Late last month, Martin Taylor, a general manager of platform strategy at Microsoft, told some Wall Street analysts that the company is working with governments on product pricing. In a few cases already -- always involving countries, not corporations -- Microsoft has been forced to lower the price of its desktop software.
Microsoft has always sold its products for the same price, regardless of geographic location. But in the past year, some countries -- Thailand and Taiwan, for example -- have wrung better pricing out of Microsoft for Windows XP and Office XP. Earlier this month, Malaysia became the most recent country to get a cut-rate bundle from Microsoft. The Israeli government has also complained about Office pricing and has said that it will look for alternatives.
"It's clear that it's a problem," said Paul DeGroot, an analyst at Directions on Microsoft, a Kirkland, Wash.-based consulting firm.
Not an uncommon dilemma
Some analysts say international corporations might benefit if Microsoft decides to introduce local pricing to its global pricing policy. Variability in pricing, particularly as it relates to currency fluctuation, is a problem for every large company, said Julie Giera, an analyst at Forrester Research, Cambridge, Mass.
For Microsoft, it's challenging because the company sells products in so many countries. International companies have agreements with Microsoft that are priced differently. "It's certainly an area that Microsoft needs to address," she said. "All the vendors need to do something. Customers that do business globally are getting frustrated at pricing policies that exist."

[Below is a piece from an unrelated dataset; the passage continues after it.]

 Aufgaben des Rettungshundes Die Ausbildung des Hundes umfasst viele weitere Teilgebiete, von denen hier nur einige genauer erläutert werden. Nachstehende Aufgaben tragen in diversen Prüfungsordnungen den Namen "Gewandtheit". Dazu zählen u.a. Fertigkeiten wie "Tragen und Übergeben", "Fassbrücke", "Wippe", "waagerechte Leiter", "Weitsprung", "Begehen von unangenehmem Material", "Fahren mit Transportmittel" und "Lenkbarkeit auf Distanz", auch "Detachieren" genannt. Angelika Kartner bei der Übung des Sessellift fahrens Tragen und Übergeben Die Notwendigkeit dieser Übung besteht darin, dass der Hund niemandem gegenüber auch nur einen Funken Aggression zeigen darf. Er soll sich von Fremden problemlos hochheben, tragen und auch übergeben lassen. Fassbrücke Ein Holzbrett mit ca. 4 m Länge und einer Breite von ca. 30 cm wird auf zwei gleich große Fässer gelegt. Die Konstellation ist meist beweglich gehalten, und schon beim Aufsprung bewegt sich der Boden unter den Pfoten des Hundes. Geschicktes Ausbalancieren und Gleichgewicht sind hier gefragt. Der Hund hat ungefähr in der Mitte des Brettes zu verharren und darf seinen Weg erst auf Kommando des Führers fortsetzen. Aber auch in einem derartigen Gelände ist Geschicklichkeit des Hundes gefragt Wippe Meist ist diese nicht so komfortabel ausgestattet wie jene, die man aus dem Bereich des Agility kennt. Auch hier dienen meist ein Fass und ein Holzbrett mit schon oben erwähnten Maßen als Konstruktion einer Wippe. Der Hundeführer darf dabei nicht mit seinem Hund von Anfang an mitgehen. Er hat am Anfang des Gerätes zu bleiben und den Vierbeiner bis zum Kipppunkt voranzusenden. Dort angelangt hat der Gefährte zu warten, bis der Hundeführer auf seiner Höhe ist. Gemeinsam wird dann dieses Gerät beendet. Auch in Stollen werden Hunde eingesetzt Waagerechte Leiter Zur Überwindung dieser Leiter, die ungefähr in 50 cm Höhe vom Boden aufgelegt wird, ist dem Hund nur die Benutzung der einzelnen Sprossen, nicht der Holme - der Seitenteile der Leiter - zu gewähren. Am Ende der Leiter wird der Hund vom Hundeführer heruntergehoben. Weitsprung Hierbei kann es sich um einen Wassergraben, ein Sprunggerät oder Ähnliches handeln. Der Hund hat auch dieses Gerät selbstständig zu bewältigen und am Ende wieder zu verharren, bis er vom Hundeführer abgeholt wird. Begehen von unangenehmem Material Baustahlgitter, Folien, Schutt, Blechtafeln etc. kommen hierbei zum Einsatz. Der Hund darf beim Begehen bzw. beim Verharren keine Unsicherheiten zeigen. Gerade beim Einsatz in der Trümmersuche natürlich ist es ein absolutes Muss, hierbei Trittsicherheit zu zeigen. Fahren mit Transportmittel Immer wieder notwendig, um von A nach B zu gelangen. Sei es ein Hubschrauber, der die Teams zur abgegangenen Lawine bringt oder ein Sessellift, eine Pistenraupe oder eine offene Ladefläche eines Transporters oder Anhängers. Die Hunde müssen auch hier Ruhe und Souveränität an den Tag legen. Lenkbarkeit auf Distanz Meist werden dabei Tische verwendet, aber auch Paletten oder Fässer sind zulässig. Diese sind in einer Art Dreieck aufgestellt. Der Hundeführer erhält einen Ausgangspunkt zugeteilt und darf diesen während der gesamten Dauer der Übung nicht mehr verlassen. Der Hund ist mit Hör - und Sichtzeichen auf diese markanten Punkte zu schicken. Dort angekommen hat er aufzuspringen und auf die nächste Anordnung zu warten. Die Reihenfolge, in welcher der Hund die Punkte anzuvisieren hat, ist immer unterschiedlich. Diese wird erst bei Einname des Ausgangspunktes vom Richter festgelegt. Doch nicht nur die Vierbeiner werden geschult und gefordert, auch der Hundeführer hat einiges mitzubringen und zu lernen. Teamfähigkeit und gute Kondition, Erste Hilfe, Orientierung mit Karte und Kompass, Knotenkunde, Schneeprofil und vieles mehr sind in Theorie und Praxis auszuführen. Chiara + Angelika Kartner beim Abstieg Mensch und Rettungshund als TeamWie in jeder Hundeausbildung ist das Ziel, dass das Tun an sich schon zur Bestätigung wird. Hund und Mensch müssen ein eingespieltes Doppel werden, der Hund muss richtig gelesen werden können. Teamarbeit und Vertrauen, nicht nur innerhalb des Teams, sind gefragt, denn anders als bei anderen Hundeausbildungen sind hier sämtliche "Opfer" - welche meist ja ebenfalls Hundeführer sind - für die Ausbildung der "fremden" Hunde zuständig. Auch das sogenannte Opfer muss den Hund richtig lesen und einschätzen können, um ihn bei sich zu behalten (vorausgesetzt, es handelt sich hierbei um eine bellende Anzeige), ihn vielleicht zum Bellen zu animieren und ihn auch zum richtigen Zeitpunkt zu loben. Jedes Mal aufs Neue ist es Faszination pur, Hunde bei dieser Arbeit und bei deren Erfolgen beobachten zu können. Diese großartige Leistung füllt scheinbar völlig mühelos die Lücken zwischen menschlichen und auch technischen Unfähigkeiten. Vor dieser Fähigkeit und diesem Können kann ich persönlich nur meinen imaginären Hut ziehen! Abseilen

But not all large companies think better local pricing would offer them much benefit. Factors other than price, such as import duties and legal restrictions on shipping across borders, also factor into the decision of how products are purchased, said George Defenbaugh, manager of global IT infrastructure projects at Amerada Hess Corp., New York.
"Price is one of the factors, and I'm not even sure it's the most important one," he said. "If you tried to buy something out of the country because it was cheaper, but it gets tied up in customs, what's it worth to you?"
DeGroot said that Microsoft is perhaps more vulnerable to price pressure on its software than, say, Oracle Corp. or IBM, because both of those vendors make most of their revenue on integration and services. "There is no price sheet for implementing a Websphere e-commerce solution," he said. "Yet a typical integration will cost three times the cost of the software. You can cut the price of software and still make money on the integration and service."
But Microsoft is in a different situation because it makes money from its licenses. Virtually everyone buys the desktop operating system and Office, so it has far more exposure than its competitors, he said.
DeGroot said that he doubted that server products, such as Exchange or Windows Server, and associated client-access licenses would ever be included in any potential changes to pricing. Rather, he said, this would be limited to consumer products.
In a recent advisory, Gartner Inc., the Stamford, Conn.-based research company, recommended that its clients continue purchasing Windows without waiting for pricing changes because Microsoft has "not yet announced any offerings in any markets or specific timelines for doing so."